R. La concesión de la famosa piscina es de 2001 y no sólo era la piscina sino también el embarcadero y Costas aprobó un proyecto de uso público de esa piscina. Los motivos de seguridad esgrimidos por el usuario fueron reconocidos por la Delegación del Gobierno y la Abogacía del Estado apreció fundamento jurídico para no declarar la caducidad de la concesión. La Audiencia Nacional ha anulado ahora los acuerdos. Contra esta sentencia ha recurrido todo el mundo y nosotros también. No hay doble rasero. Ese señor tiene la gestión de una concesión.

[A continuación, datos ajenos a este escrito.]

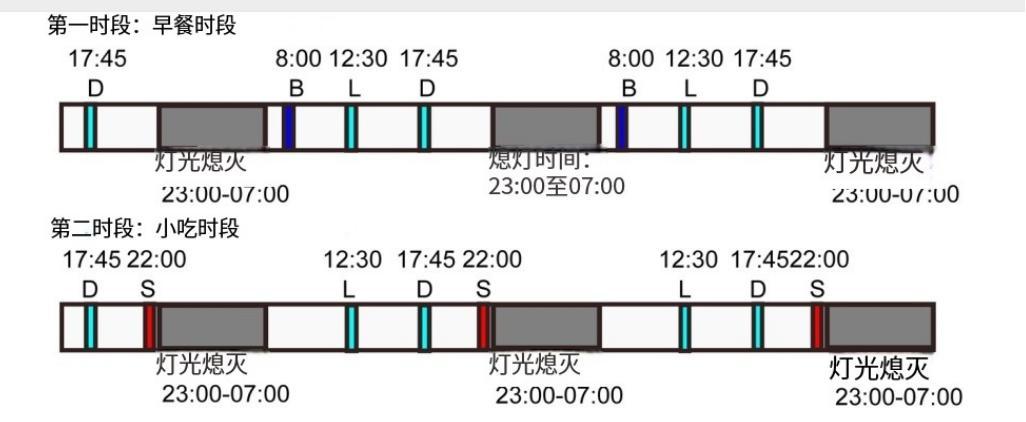 ● 時段二:不喫早餐,其他兩餐在飯點正常時間喫,在晚上 10 點喫與早餐同樣 700 千卡食物作爲夜宵小喫。

P. La Audiencia dice que no. Que ya no la tiene.

R. Tenía. Vamos a esperar a lo que diga el Tribunal Supremo. El plan de gestión de la piscina se aprobó en 2006.

P. También se aprobó entonces un plan para hacer un camino peatonal por esa zona de Mallorca, donde un grupo de millonarios ha privatizado el litoral.

R. Hay un anteproyecto y no ha pasado a proyecto. Queremos que en toda la Costa de los Pinos haya un paseo y que todos los ciudadanos puedan usarlo.

P. Llevan un año y no avanza.

R. Los proyectos en Costas tardan mucho, porque hay que expropiar y eso se demora.

Chiringuitos:

P. Dijo que los chiringuitos tendrían que cumplir la ley y se armó el escándalo.

R. Hemos dicho que en función de la orografía un chiringuito podrá estar en la arena o fuera. La ley dice que preferentemente se ubicarán fuera. Preferentemente. Si es imposible seguirán en la arena. Quiero hacer compatible que el paisano que quiera tomarse una cervecita en la playa la tome en el chiringo y que la gente tenga espacio para la toalla, que eso es de todos.

P. Ante el masivo incumplimiento de la ley, ¿no es mejor pasar por el cargo sin incendios?

R. No. Mi ilusión es terminar el deslinde y que se pueda recorrer de punta a punta.

P. Narbona encargó un estudio sobre qué habría que hacer para conseguir eso y el resultado era una orgía de demoliciones.

R. Por supuesto necesitará inversiones significativas. Una vez que delimitemos el dominio público iremos tramo a tramo, empezando por lo más conflictivo.

Trato de favor a José Blanco:

P. El PP les acusa de haber dado trato de favor al permitir en la Isla de Arousa un edificio en el que tiene un ático el número dos del PSOE, José Blanco.

R. Ese deslinde fue aprobado en enero de 2004 [con el PP] y definió la servidumbre de protección. En unas zonas era de 20 metros, en otras 100 y en esa unos 40. El Ayuntamiento recurrió y la Audiencia Nacional redujo en ese tramo la servidumbre a 20 metros. La vivienda de marras se encuentra a 40 metros. De todas formas, el tramo afectado por la sentencia no es el del edificio, sino el contiguo, por lo que la sentencia no le afecta.

P. Costas llegó a presentar recurso ante el Supremo para ampliar la servidumbre en ese tramo y lo retiró. ¿Por qué?

R. ¿Quién ha dicho eso?

P. Lo recurrió y lo retiró.

R. El Supremo el 10 de diciembre de 2007 devino firme la sentencia. Y si es así [la directora general de Costas lo confirma en una llamada telefónica] tendrá que preguntarle a quien retiró el recurso, no a mí. Yo tomo las riendas de este negociado en abril 2008. Lo desconozco.

Si un elevado tanto por ciento de los periodistas españoles trabajaran así,  atajarían muchos de nuestros problemas formando una opinión pública informada y responsable.